Habana Labs AI Training Solution Featuring Supermicro X12 Gaudi AI Training Server With DDN AI400X2 Storage System
Integration of Gaudi platform with appliance eliminates storage bottlenecks found in traditional NAS and optimizes utilization of AI compute capacity.
This is a Press Release edited by StorageNewsletter.com on November 26, 2021 at 2:03 pmHabana Labs Ltd., an Intel Corp. company and developer of AI processors, announced the availability of a turnkey, enterprise AI training solution featuring the Supermicro X12 Gaudi AI training server with the DDN AI400X2 storage system.
This system is the product of the collaboration of Habana Labs and Super Micro Computer, Inc. with DDN (DataDirect Networks, Inc.). With 8 Gaudi purpose-built AI processors, the Supermicro X12 Gaudi AI server provides customers with cost-efficient AI training, ease of use and system scalability.

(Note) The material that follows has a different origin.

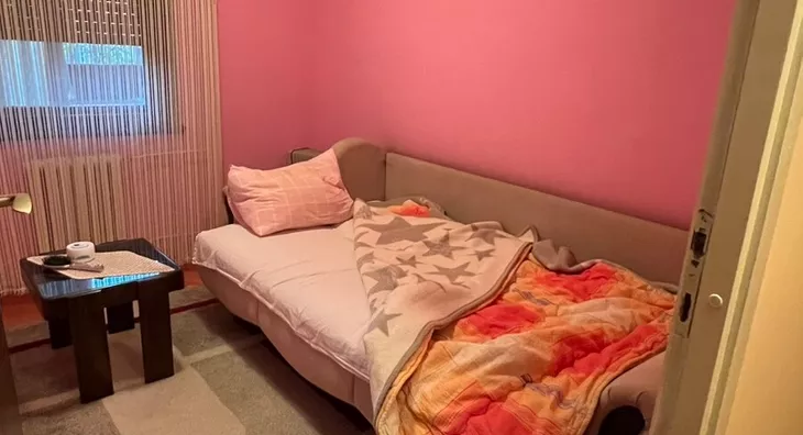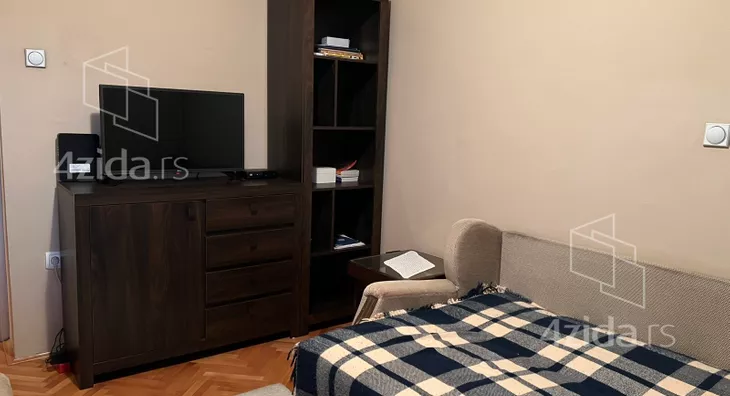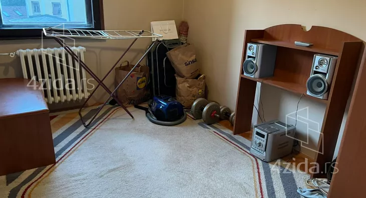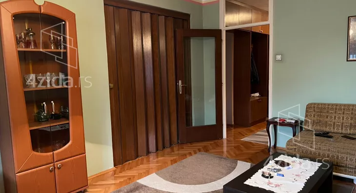 Funkcinalnog rasporeda,gde je spavaci deo odvojen hodnikom od dnevnog boravka kuhinje i trpezarije, delimično renoviran, na podu je parket stolarija je drvena sa roletnama.U hodniku je su postavljeni ormari pa su sobe rasterećene od stvari.

Integration of the Gaudi platform with the AI400X2 appliance eliminates storage bottlenecks found in traditional NAS storage and optimizes utilization of AI compute capacity.
Supermicro X12 Gaudi AI training server
Gaudi HL-205 mezzanine card
As data sets become larger and AI models grow in complexity, demand for AI training capacity is increasing . According to IDC’s Semiannual AI Tracker published in January 2021, over half of respondents who are AI/ML customers report rebuilding their AI models weekly or more often, and over a quarter rebuild models daily and even hourly. Along with this demand, 56% of AI/ML customers report that cost is the most significant challenge to implementing AI/ML solutions. Gaudi was designed to address this need with more cost-efficient price performance. With the integrated solution of the Supermicro X12 Gaudi AI server optimized with the AI400X2 storage appliance, customers requiring enterprise, cost-effective AI training systems with enhanced data management and storage can train more and spend less.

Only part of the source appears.